Makabryczne zabójstwo w powiecie tomaszowskim.
36-letni mieszkaniec Henrykowa zabił swoją żonę.
Po zabójstwie sprawca udał się do domu swoich rodziców i tam opowiedział co się stało. Rodzice w pierwszym momencie nie uwierzyli w słowa syna. Zadzwonili do mieszkającego
w tej samej miejscowości brata zamordowanej kobiety by sprawdził co zaszło. Mężczyzna powiadomił policję o tragedii.
Po wejściu do mieszkania policjanci zobaczyli makabryczny widok, kobieta cała zakrwawiona leżała w swoim łóżku, miała ranę ciętą na szyi , ranę kłutą klatki piersiowej oraz ranę ciętą podbrzusza.

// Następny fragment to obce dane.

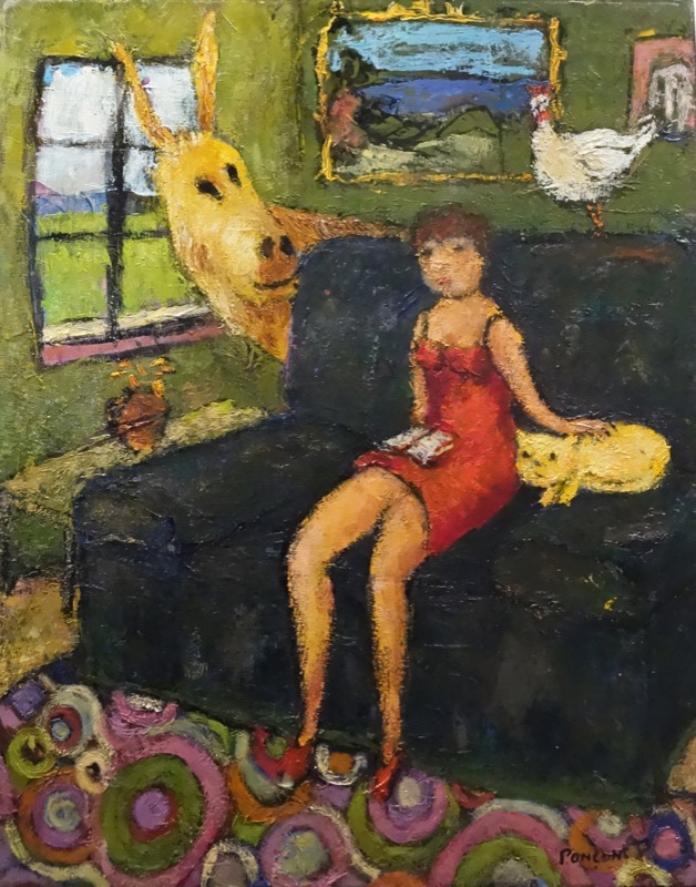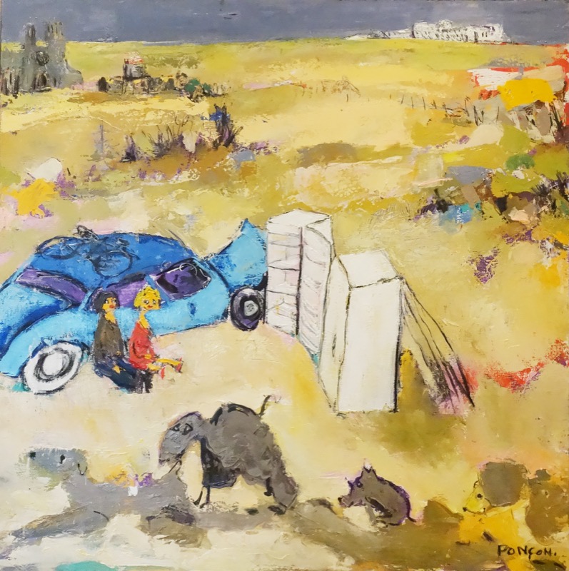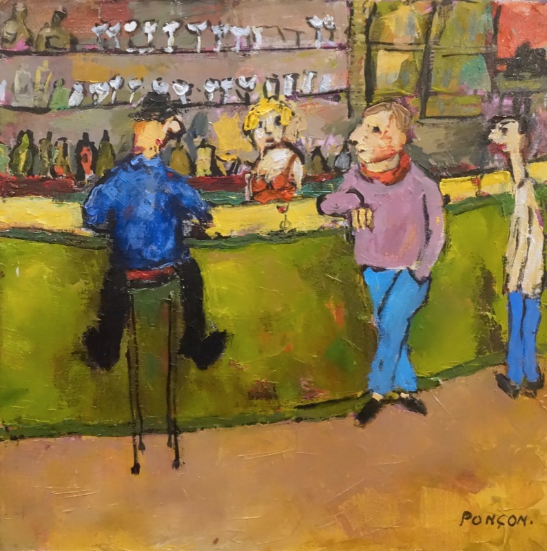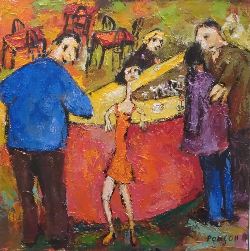 Alain Ponçon est né en 1947 à Moigny (91). Son atelier est situé à Saint-Maur-sur-le-Loir (28) France. Depuis sa première exposition, en 1971, à la Ferté-sous-Jouarre (77), ses Å?uvres ont beaucoup voyagé aussi bien en France quâ??à lâ??étranger. Son besoin de ruptures le pousse à travailler simultanément plusieurs séries. Il puise le substrat dans son propre vécu, dans sa sensibilité au présent, et exprime son ressenti dans une écriture poétique à plusieurs niveaux de lecture. Son univers est bien identifiable : il revêt des couleurs qui, pour être souvent vives, ne parviennent pas toujours à dissimuler la complexité dâ??un contenu où se mêlent la solitude, le rêve, le couple, les problèmes de lâ?? Humain élargis aux interrogations sociétales.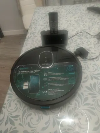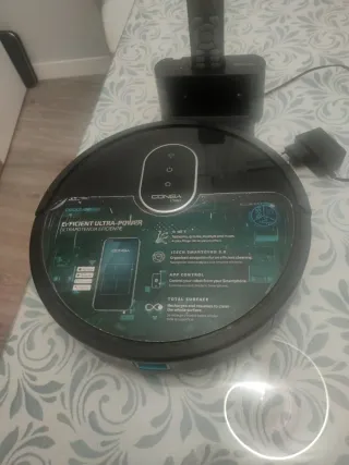 Robot aspirador con app móvil para controlar las estancias que ha limpiado. Funciona bien. La batería dura 30 minutos. Entrego con la base de carga, dos depósitos de fregado (uno creo que perdía algo de agua) y también el mando.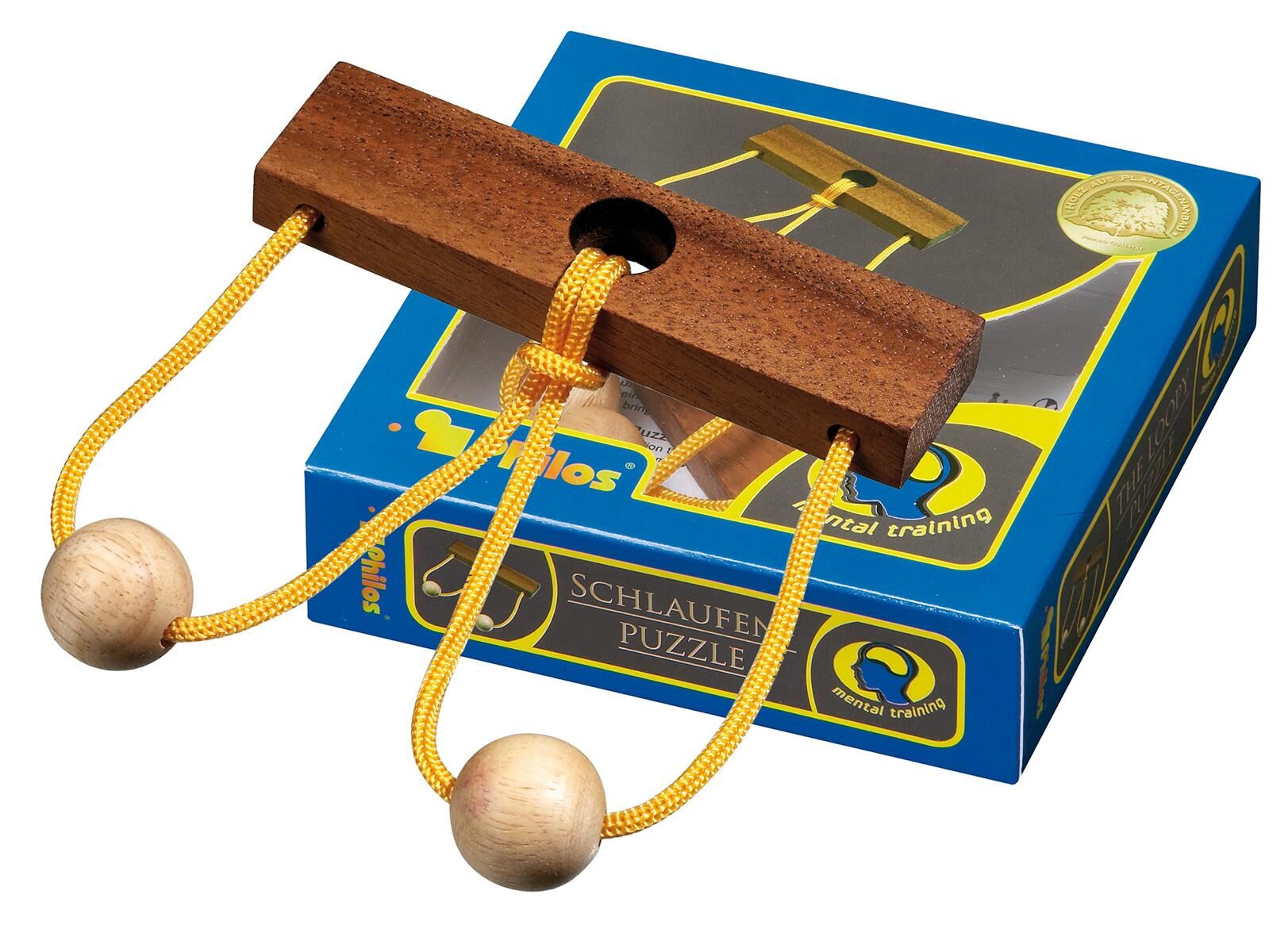 Samena-Holz, auch im Display lieferbar. In der Ausgangsposition befindet sich in jeder der beiden herabhängenden Schlaufen eine Kugel. Ziel des Spiels ist es, beide Kugeln in eine gemeinsame Schlaufe zu bringen.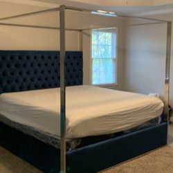 King Size Tufted Velvet Platform Canopy Bed w Chrome Trim $995Jonesboro, GA
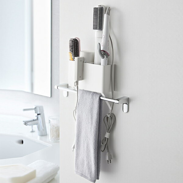 商品名山崎実業 タワー【tower】タオル掛け上ドライヤー&ヘアーアイロンホルダーカラーホワイト(4286)、ブラック(4287)サイズ幅 22cm × 奥行 7.5cm × 高さ 24cm本体重量:約700g耐荷重:ホルダー 約2kg、フック1つあたり 約500g仕様取り付け可能なタオルバー:内寸幅20cm、奥行3cm以上必要素材本体:スチール(粉体塗装)マット:シリコーン付属品緩衝材×2商品について【タオル掛け上ドライヤー&ヘアーアイロンホルダー】タオルバーの上にある空間をちょっとした収納スペースに変えることができる収納ラックです。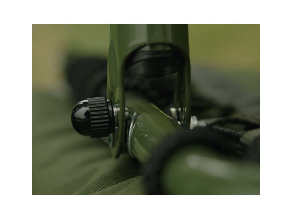 Konstrukce z pevné kovové slitiny zajišťuje vysokou nosnost až 200 kg, přičemž si lehátko zachovává nízkou hmotnost a snadnou přenositelnost. Výškově nastavitelné nohy lze prodloužit až do 52 cm, což usnadňuje vstávání i lehání, a zároveň vytváří pod lehátkem praktický prostor pro uložení vybavení.
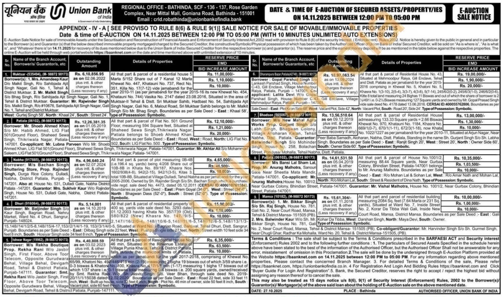 All that part & parcel of a residential house 5 Marla 5/152 Share out of 7 Kanal 12 Marla Khewat No. 447, Khatauni No. 737, Rect No. 351, Killa No. 17(7-12) vide jamabandi for the year 2010-11 (as per jamabandi for the year 2015-16 its new Khewat No. 454,Khatauni No. 744) Vasika No. 2147 dated 23.08.2016, Situated in the area of Muktsar-II Tehsil & Distt. Sri Muktsar Sahib, Hadbast No. 54, Sahibjada AjitGali Singh Nagar, Gali No. 6, Malout Road, Sri Muktsar Sahib belongs to Mr. Malkit Singh S/o Mr. Bhag Singh. Boundaries as per Sale Deed:- East: Khaal 58', . Type of Possession: Symbolic.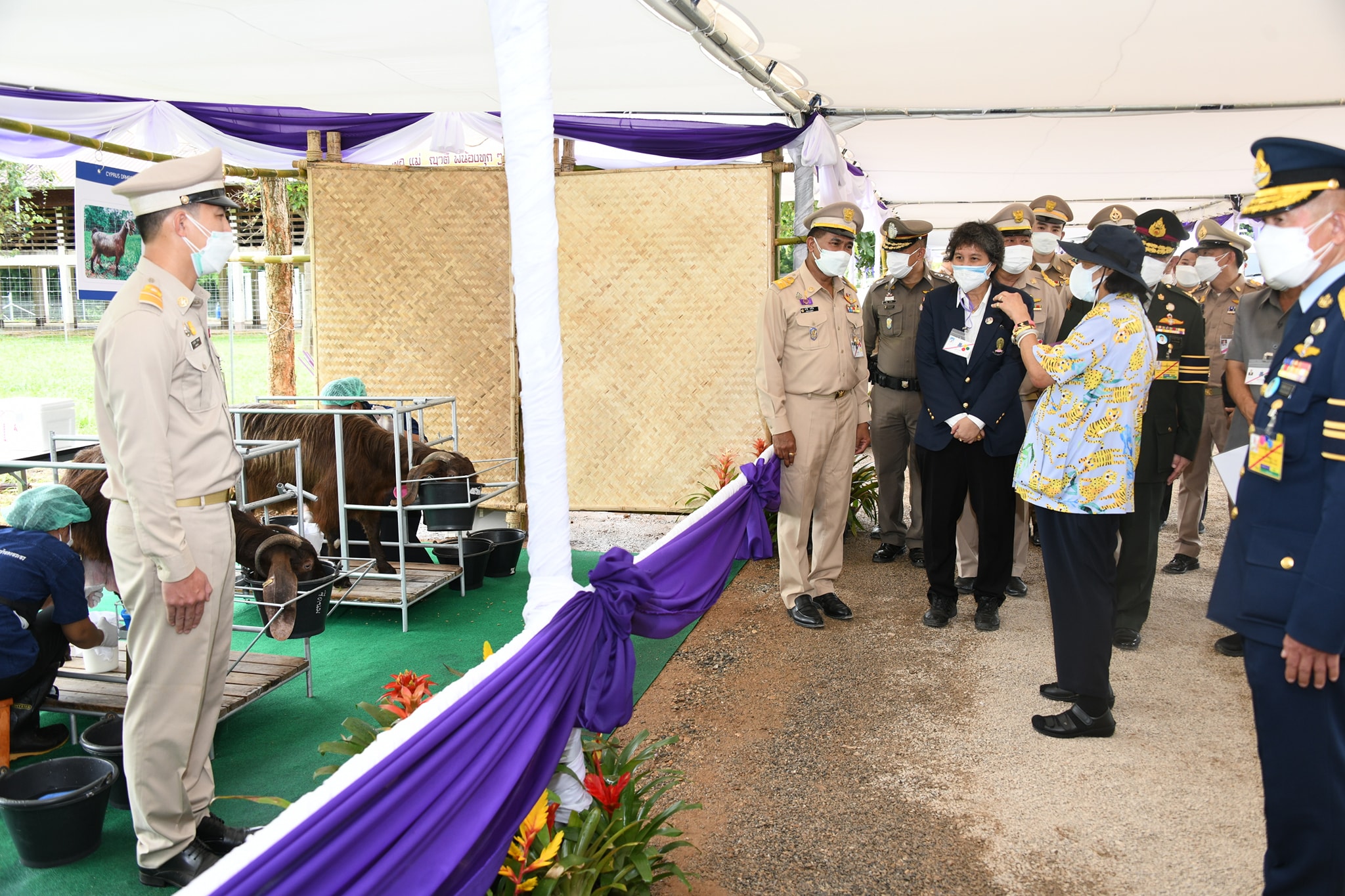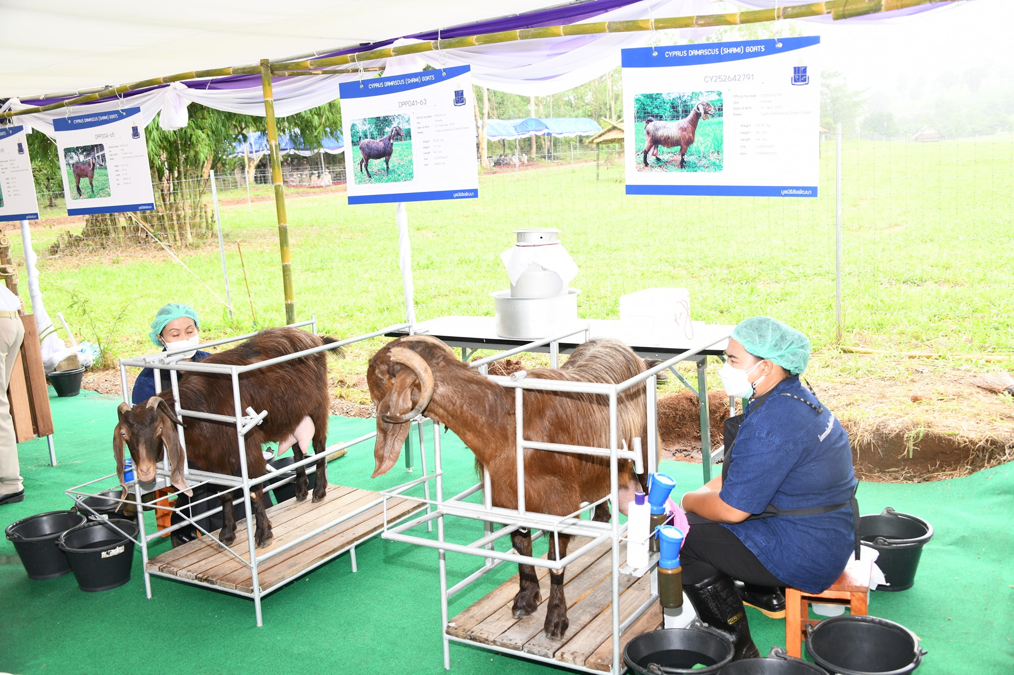 ในการนี้ เสด็จพระราชดำเนินไปทอดพระเนตรโรงเรือนอนุบาลลูกแพะพันธุ์ชามี่และโรงเรือนพ่อพันธุ์แพะชามี่ ซึ่งดำเนินการจัดกลุ่มพ่อแม่พันธุ์สำหรับการผสมพันธุ์ โดยสำนักเทคโนโลยีชีวภาพการผลิตปศุสัตว์ ในส่วนของการนำน้ำนมแพะมาแปรรูปเป็นผลิตภัณฑ์ต่างๆ ศูนย์วิจัยและพัฒนาผลิตภัณฑ์ปศุสัตว์เชียงใหม่ ได้ถ่ายทอดความรู้ ให้แก่เจ้าหน้าที่โครงการฯ เพื่อเตรียมความพร้อมสำหรับการแปรรูปผลิตภัณฑ์ในอนาคต
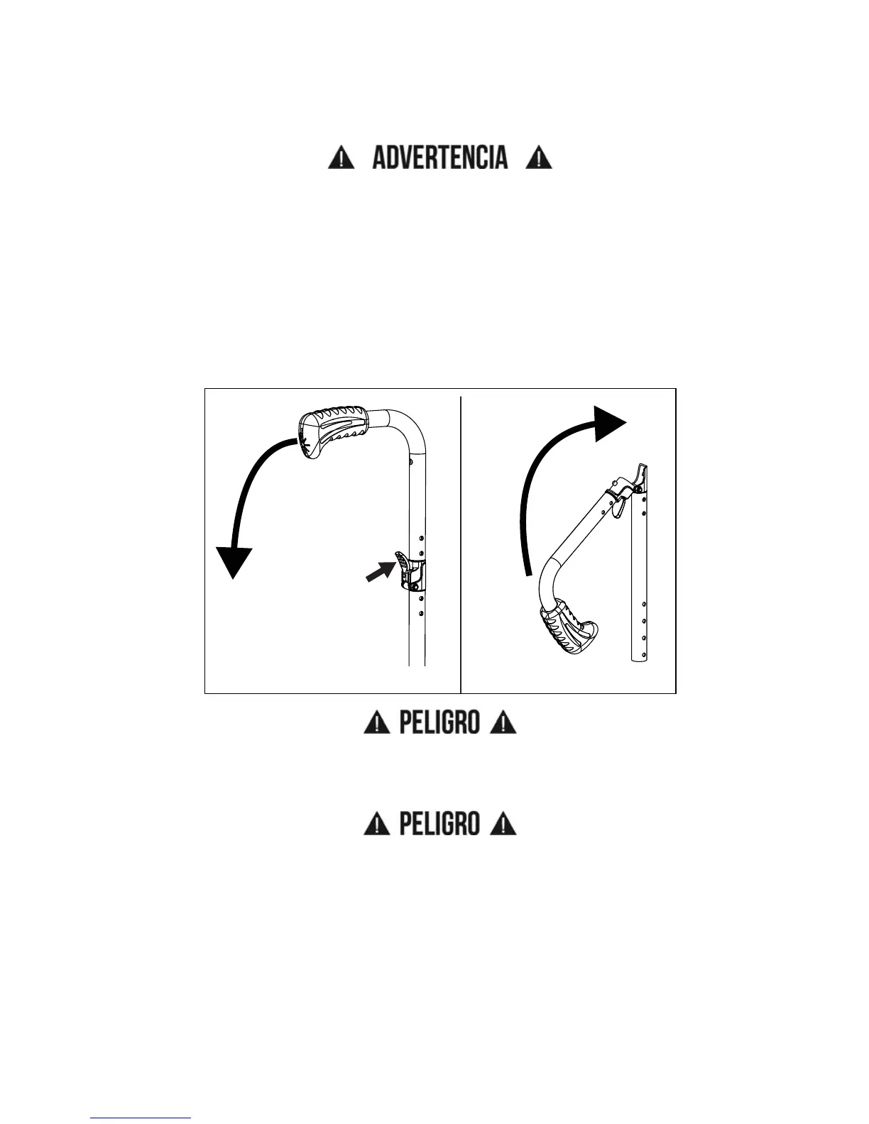 PELIGRO: No coloque o cuelgue objetos de los caños del espaldar. El hacer esto podría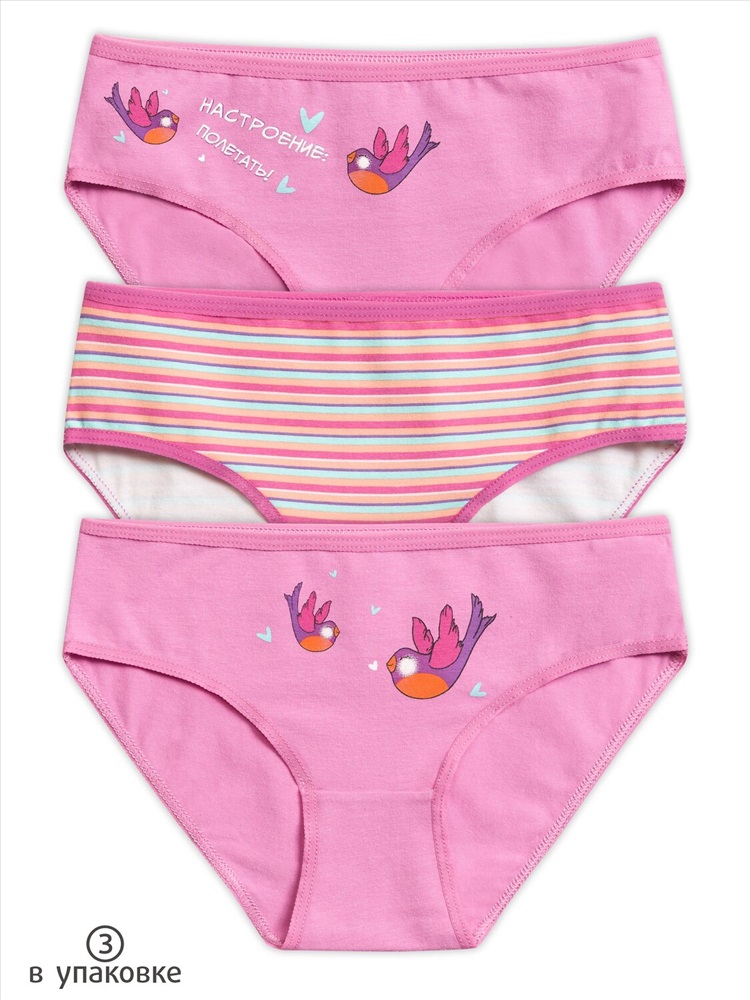 Трусики слипы со средней посадкой для девочек. В комплекте 3 изделия. По талии и по ноге эластик.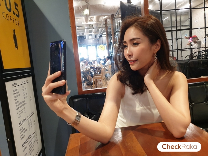 - กล้องหน้าความละเอียด 16MP F2.0 มาพร้อม AI Beauty ที่มีการจัดการความงามส่วนบุคคลมากกว่า 8 ล้านแบบ ใช้ได้มากกว่า 1000 ใบหน้า ช่วยให้ภาพเซลฟี่สวยงามและดูเป็นธรรมชาติตามแบบฉบับของบุคคล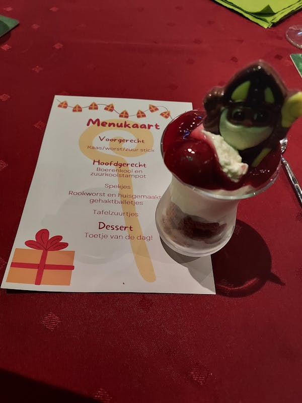 Boodschap van de avond Wat een gezelligheid! Op naar het volgende feest: het kerstdiner op 10 december. Alle gasten worden hiervoor uitgenodigd. Niemand blijft er thuis. Zorg dat je erbij bent, dit wil je niet missen. Kom, eet en ontdek de warmte van onze gemeenschap. De mooiste gesprekken ontstaan hier.

W chwili zatrzymania przez policję zbójca miał w organizmie 1,5 promila alkoholu. Po wytrzeźwieniu usłyszał zarzut zabójstwa. Sprawca przyznał się do zarzucanego mu czynu,
nie ujawnił motywu swojego zachowania.
Sąd w Tomaszowie Maz. aresztował 36-latka na okres trzech miesięcy. Trwają czynności wyjaśniające okoliczności zdarzenia.